◆ ABOUT THIS TASK ◆
Retype only what runs from the first line of the listing to the line holding "選択した工具ブロックが、工具マッピング ダイアログに表示されます。", both included. Do not retype the pictures.

◆ DATA SHOWN ◆
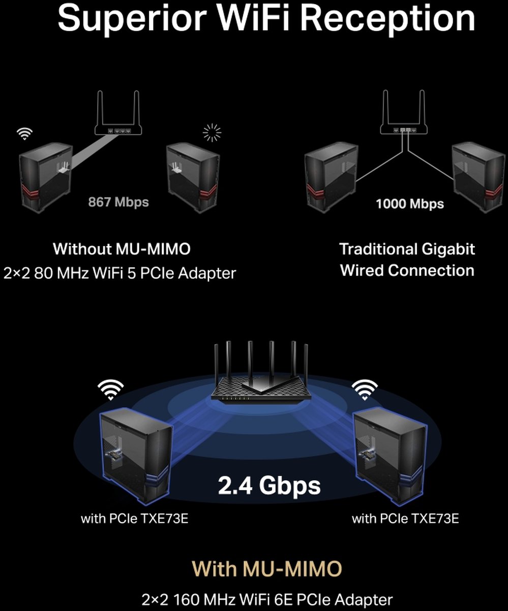Upgrade your computer with cutting-edge Wi-Fi 6E connection using the PCIe adapter TP-Link Archer TXE73E. This is a tri-band adapter with speeds up to 2402 Mbps (6 GHz) + up to 2402 Mbps (5 GHz) + up to 574 Mbps (2.4 GHz) and support for Bluetooth 5.3. Equiped with modern Wi-Fi 6E chipset from Intel supports MU-MIMO, OFDMA and the latest WPA3 encryption. Adapter is compatible with Windows 10/11*.
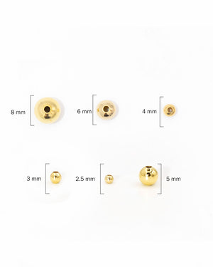 Balín liso de oro laminado, incluye 1 unidad y garantía de 5 años por cambio de color.
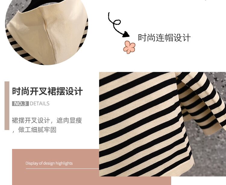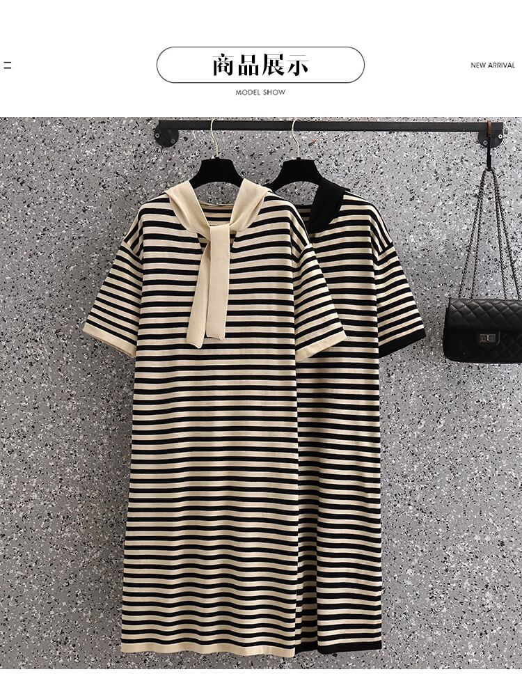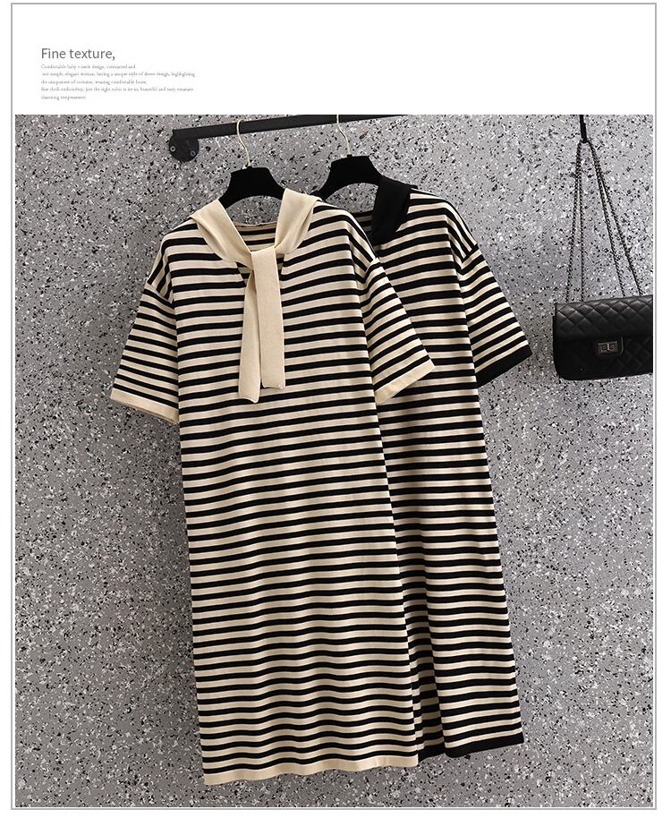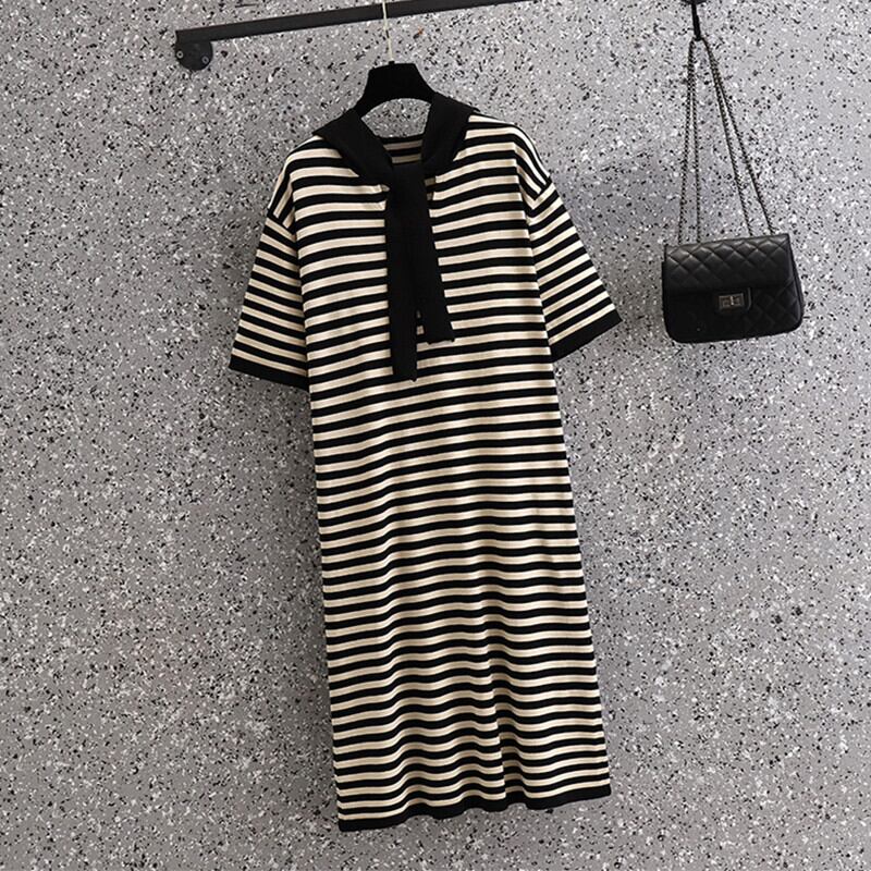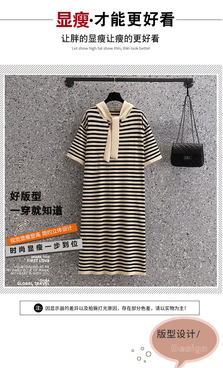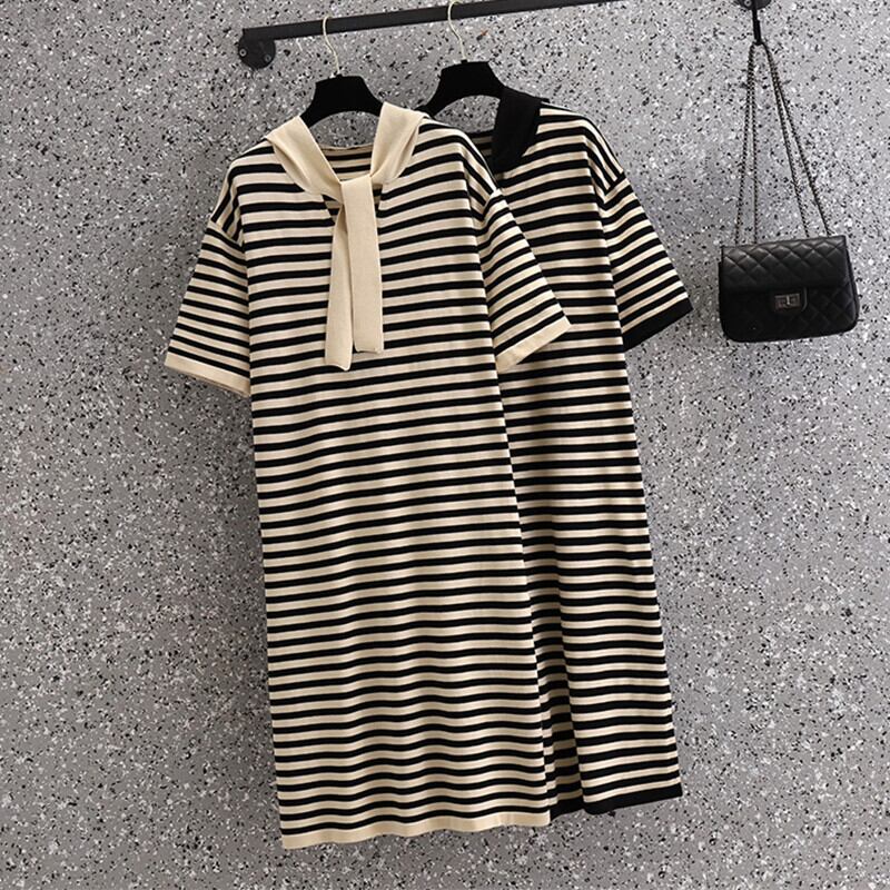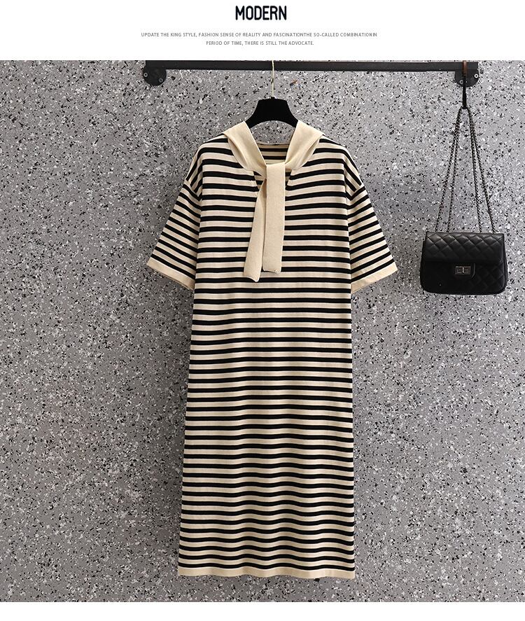 ラージサイズの婦人服2022年夏の新しい太った姉妹ストライプのルーズで薄いフード付きオールマッチ気質ニットドレス 大きめサイズ サマー 夏物 8884177309711275
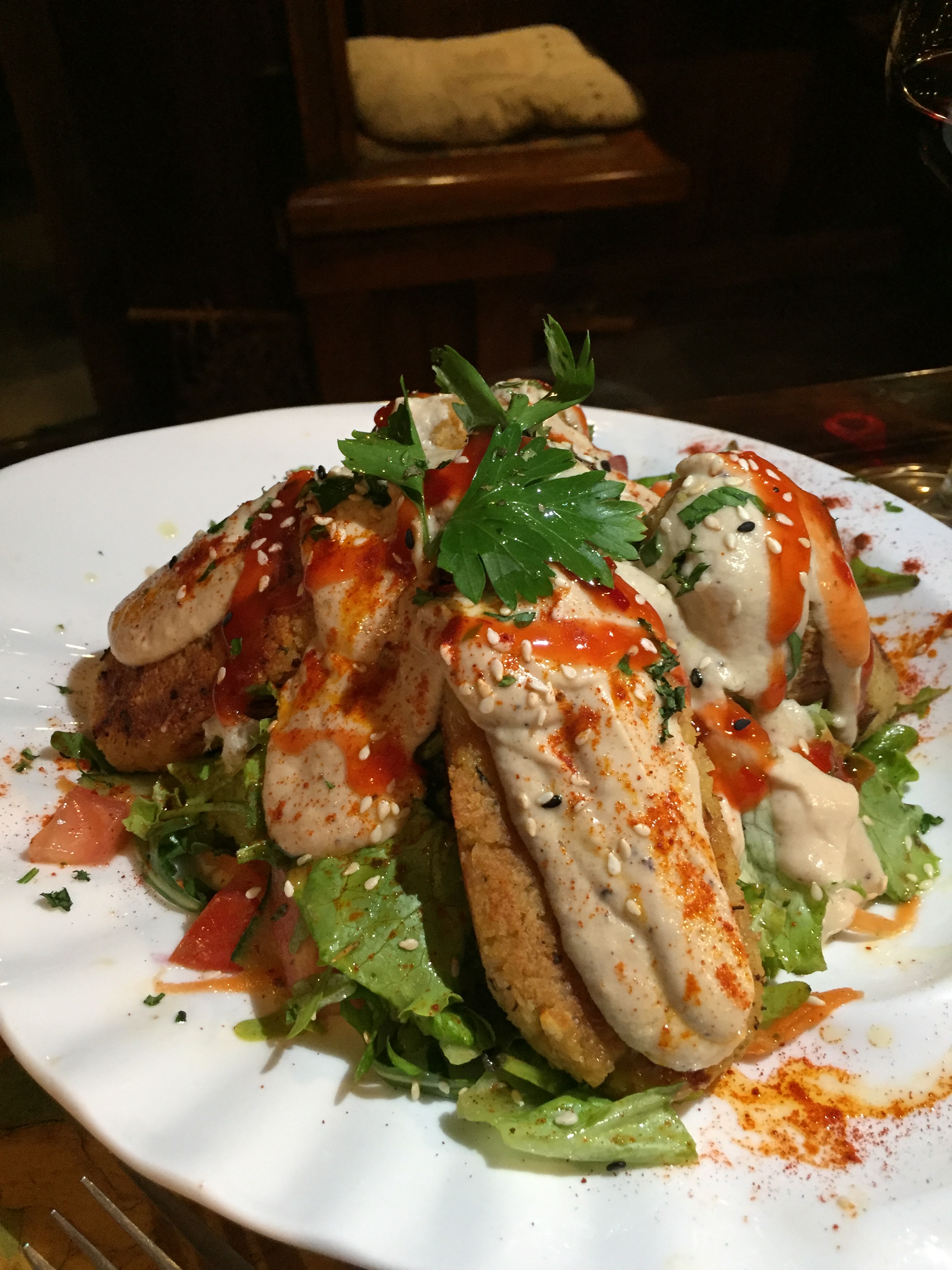 Poleg rezervacije bi vam toplo na srce položila še sledeče: za postanek v Karuzu si vzemite čas. Midva sva tam preživela kar dobri 2 uri in uživala v vsaki minuti, pila odlično bosansko vino in se predajala kulinaričnim užitkom. Iz bogatega veganskega menija sva naročila 2 glavni jedi in 2 sladici. Vsa hrana je bila neverjetno okusna in tudi porcije so bile zelo radodarne. Najbolj sva bila navdušena nad sejtanovimi zrezki (Saša pripravlja sejtan sam, iz polnozrnate moke) ter fantastično čokoladno kocko, ki se je – čeprav se to sliši nadvse klišejsko, kar stopila v ustih (njeno dno je bilo narejeno iz jabolk). Ob koncu večera sva se iz Karuza odpravila pošteno sita in z zavedanjem, da sva doživela nekaj res posebnega. Nekaj kar morava znati ceniti in nekaj, kar si bova zapomnila za vedno. Saša, hvala za to neprecenljivo izkušnjo.
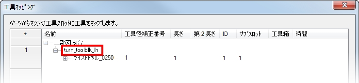 選択した工具ブロックが、工具マッピング ダイアログに表示されます。
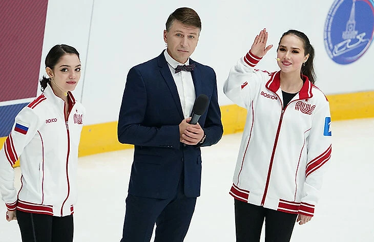 1) На днях школа «Самбо-70», которую обе заканчивали, отметила юбилей в Кремле. Эпатажный директор Ренат Лайшев сначала анонсировал Алину и Женю как ведущих в паре. Потом оказалось, что на сцене требуется формат «мужчина-женщина», и Лайшев выбрал Медведеву вот с такой мотивировкой: «У Медведевой дикция лучше, чем у Загитовой. Она девочка московская».
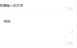 <input type="text" value="我是输入的文字" maxlength="10" id="detail1"/> <p><span id="detail1_num">0</span>/<span>10</span></p> <textarea placeholder="最多输入100字" rows="3" maxlength="100" class="editDetail" id="detail2" >呵呵</textarea> <p><span id="detail2_num">0</span>/<span>100</span></p>
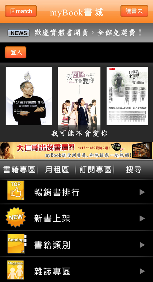 台灣大哥大 myBook 書城目前藏書量約 30 萬冊、已超過 2 百萬次下載次數,不論實體書或電子書,都有 20 種以上書籍類別,並領先業界首創有聲書系列,包含英日語學習、親子、企管等等,相較於其他電子書城, myBook 書城還有「月租包」機制,每月 49 元、 69 元、 99 元,就可看數位時代、時報週刊、 Taipei Walker 、 PChome 等 2 ~ 4 刊雜誌,每月固定時間會自動派送到線上書櫃,方便用戶隨時隨地下載閱讀,享受更便利的行動生活。
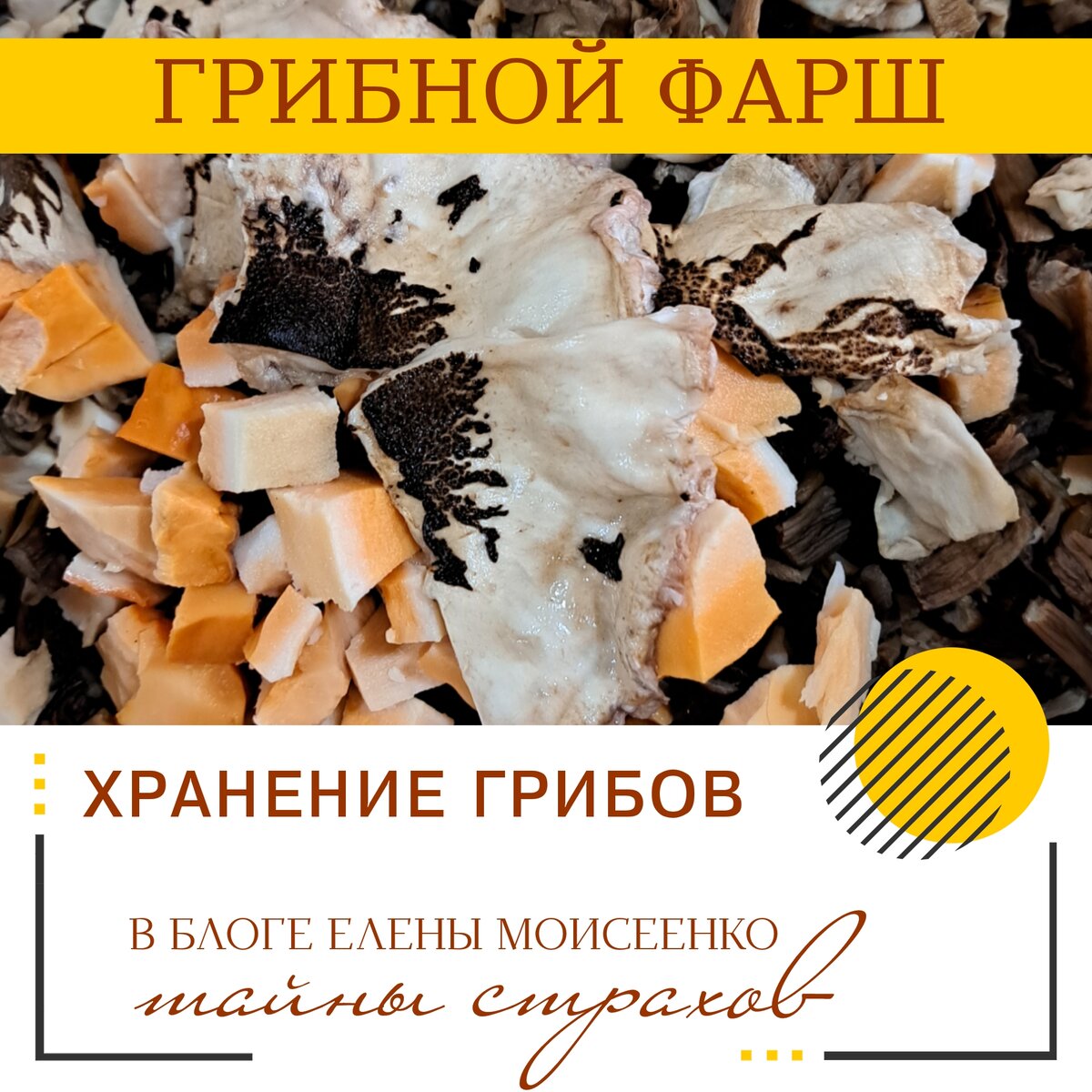 Добрый день. Сегодня я расскажу о том, как приготовить исохранить грибной фарш. Это очень удобный полуфабрикат, который вы можете изготовить из разных грибов, а затем использовать его для приготовления котлет, тефтелек или фаршировки разных видов овощей. Для приготовления такого фарша используются грибы в отварном виде. Для своего фарша я выбрала: ТСЖ, опята осенние, сморчки, зонтики. Если вы делаете фарш с добавлением ТСЖ, то пропорции грибов и сала 2:3, так как этот гриб любит жир, он его очень сильно впитывает, но для всех остальных грибов подойдут пропорции 1:3 ИНГРЕДИЕНТЫ: Грибы отварные 1,5 кг Сало 1кг ПРИГОТОВЛЕНИЕ: Отварные грибы слегка отжать. Сало порезать кусочками. Все это перекрутить на мясорубке и хорошенько перемешать. При приготовлении такого фарша мы не добавляем соль и специи. Готовый фарш фасуем по пакетам и храним в морозилке. Готово!

◆ SOLUTION TO THIS EXERCISE ◆
Upgrade your computer with cutting-edge Wi-Fi 6E connection using the PCIe adapter TP-Link Archer TXE73E. This is a tri-band adapter with speeds up to 2402 Mbps (6 GHz) + up to 2402 Mbps (5 GHz) + up to 574 Mbps (2.4 GHz) and support for Bluetooth 5.3. Equiped with modern Wi-Fi 6E chipset from Intel supports MU-MIMO, OFDMA and the latest WPA3 encryption. Adapter is compatible with Windows 10/11*.
 Balín liso de oro laminado, incluye 1 unidad y garantía de 5 años por cambio de color.
 ラージサイズの婦人服2022年夏の新しい太った姉妹ストライプのルーズで薄いフード付きオールマッチ気質ニットドレス 大きめサイズ サマー 夏物 8884177309711275
 Poleg rezervacije bi vam toplo na srce položila še sledeče: za postanek v Karuzu si vzemite čas. Midva sva tam preživela kar dobri 2 uri in uživala v vsaki minuti, pila odlično bosansko vino in se predajala kulinaričnim užitkom. Iz bogatega veganskega menija sva naročila 2 glavni jedi in 2 sladici. Vsa hrana je bila neverjetno okusna in tudi porcije so bile zelo radodarne. Najbolj sva bila navdušena nad sejtanovimi zrezki (Saša pripravlja sejtan sam, iz polnozrnate moke) ter fantastično čokoladno kocko, ki se je – čeprav se to sliši nadvse klišejsko, kar stopila v ustih (njeno dno je bilo narejeno iz jabolk). Ob koncu večera sva se iz Karuza odpravila pošteno sita in z zavedanjem, da sva doživela nekaj res posebnega. Nekaj kar morava znati ceniti in nekaj, kar si bova zapomnila za vedno. Saša, hvala za to neprecenljivo izkušnjo.
 選択した工具ブロックが、工具マッピング ダイアログに表示されます。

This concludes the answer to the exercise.